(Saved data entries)
######

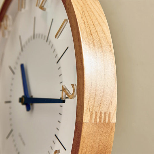 木製の針がアクセントとなったナチュラルモダンな電波時計。 ガラスの上に数字パーツを置くことで立体感が生まれ、奥行きを感じられる仕上がりになりました。
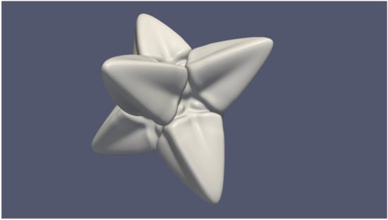 The effect of this example of A is to give a small preferential growth direction along the Cartesian x and y axes. When the driving force is strong, this results in highly directional growth—dendrites (see Figure 3 illustrating 3D growth using an extension of Equation (19), shown below as
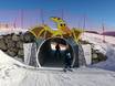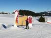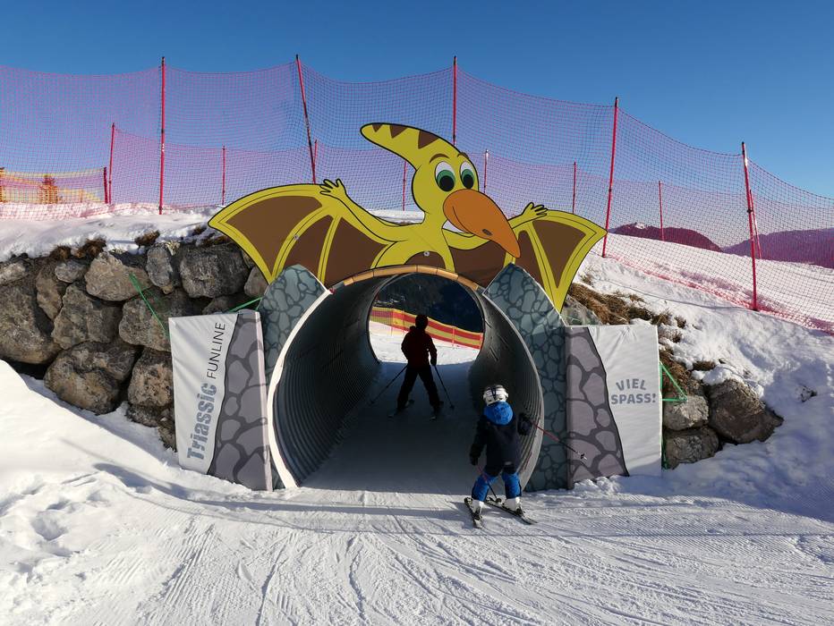 La Funline avec des dinosaures se trouve juste à côté du snowpark. La « piste ludique » se compose de vagues, de virages relevés, d’un escargot de neige avec tunnel et d’autres éléments de neige comme de petits sauts, des modules de slide et un slalom. Plaisir garanti pour tous !
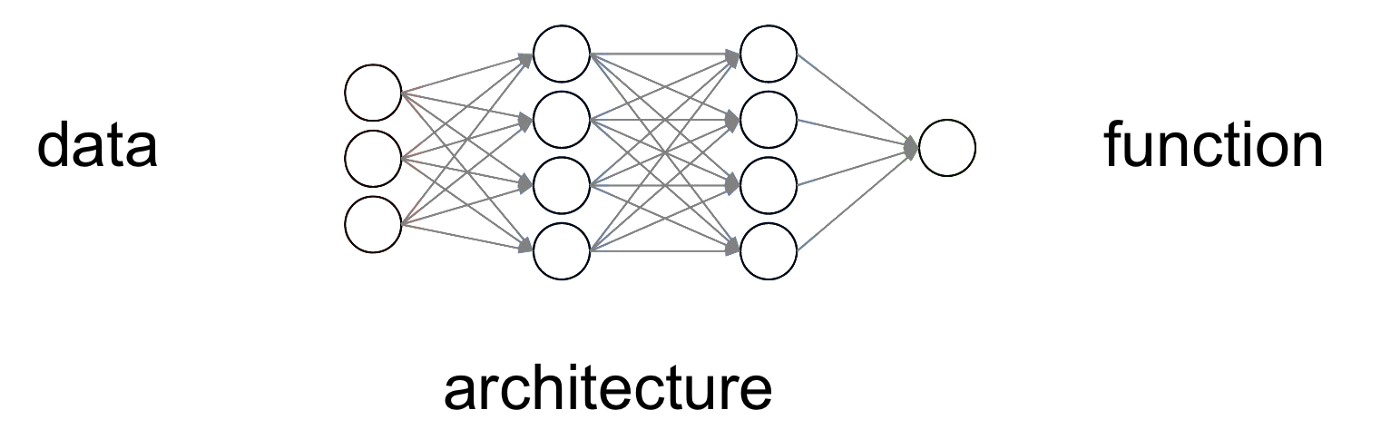 The promise of neural networks, like the one below, was that most of the algorithm could be learned directly from data, if only we provided examples of input and desired outputs.
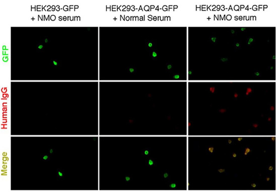 DNA constructs encoding full-length human AQP4 M23 isoforms were generated by PCR amplification using whole-brain cDNA as a template. M23 AQP4 isoform PCR fragments were linked with a GFP tag, ligated into mammalian expression vector pcDNA3.1, and fully sequenced. HEK293 cell cultures were maintained at 37 °C in 5% CO2/95% air in Eagle’s minimum essential medium containing 10% fetal bovine serum, 100 units/mL penicillin, and 100 μg/mL streptomycin. Cells were grown on glass coverslips and transfected with DNA in an antibiotic-free medium using Lipofectamine 2000 (Invitrogen. Carlsbad, CA, USA) according to the manufacturer’s protocol. A pcDNA3.1 vector containing only GFP was transfected as a negative control. Stable AQP4-GFP-expressing, or GFP-expressing clones, were selected following enrichment in Geneticin (Invitrogen. Carlsbad, CA, USA) and plated in 96-well plates at a very low density. Before IgG binding, cells were washed 3 times with normal saline, fixed with 4% paraformaldehyde at 4 °C for 15 min, and then washed another 3 times. Fixed cells were stored at 4 °C in normal saline for several weeks.
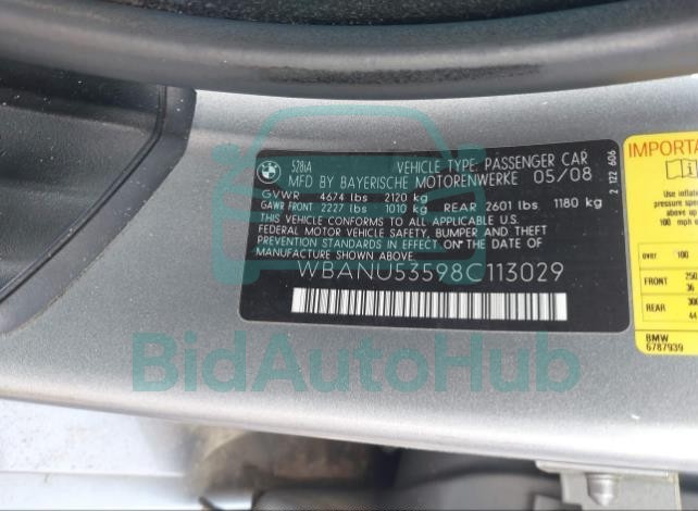 The BMW 5 SERIES 2008 - VIN: WBANU53598C113029 is equipped with a 3.0l i-6 dohc, vvt, 230hp engine. This power unit is known for its efficiency and reliability, and it is part of modern generation of engines designed to balance performance with fuel economy. According to the auction data, the vehicle was registered with only 0 miles of mileage at the time of sale.
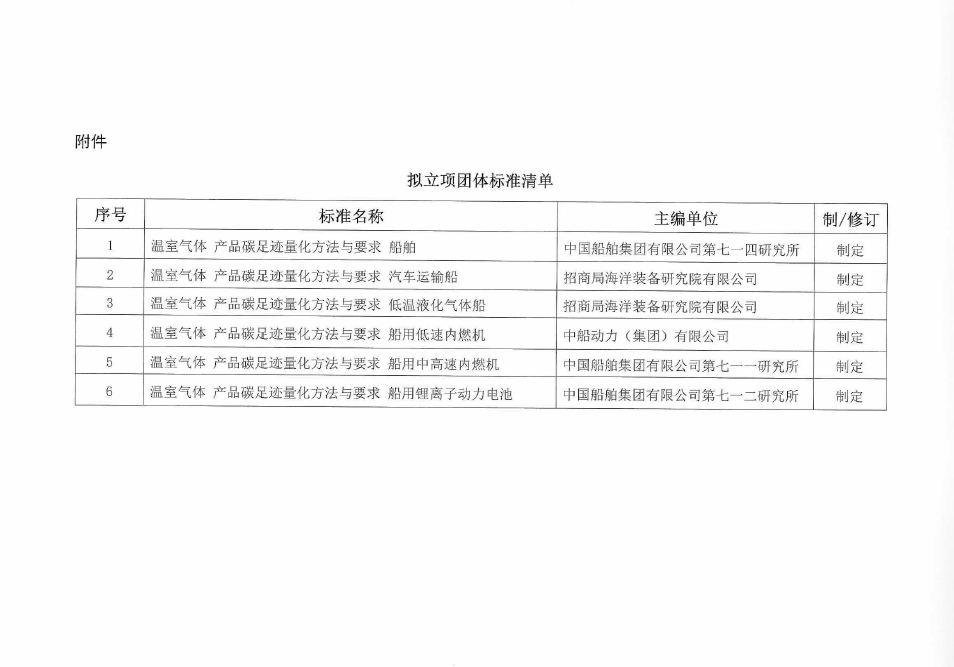 中国船舶工业行业协会关于《温室气体产品足迹量化方法与要求船舶》等6项标准的立项公示

######

> **ASSIGNED TASK**
An exact printout of the entries is wanted, covering the first line through the line holding "The promise of", with pictures kept out of it.

> **EXERCISE ANSWER**
 木製の針がアクセントとなったナチュラルモダンな電波時計。 ガラスの上に数字パーツを置くことで立体感が生まれ、奥行きを感じられる仕上がりになりました。
 The effect of this example of A is to give a small preferential growth direction along the Cartesian x and y axes. When the driving force is strong, this results in highly directional growth—dendrites (see Figure 3 illustrating 3D growth using an extension of Equation (19), shown below as
 La Funline avec des dinosaures se trouve juste à côté du snowpark. La « piste ludique » se compose de vagues, de virages relevés, d’un escargot de neige avec tunnel et d’autres éléments de neige comme de petits sauts, des modules de slide et un slalom. Plaisir garanti pour tous !
 The promise of neural networks, like the one below, was that most of the algorithm could be learned directly from data, if only we provided examples of input and desired outputs.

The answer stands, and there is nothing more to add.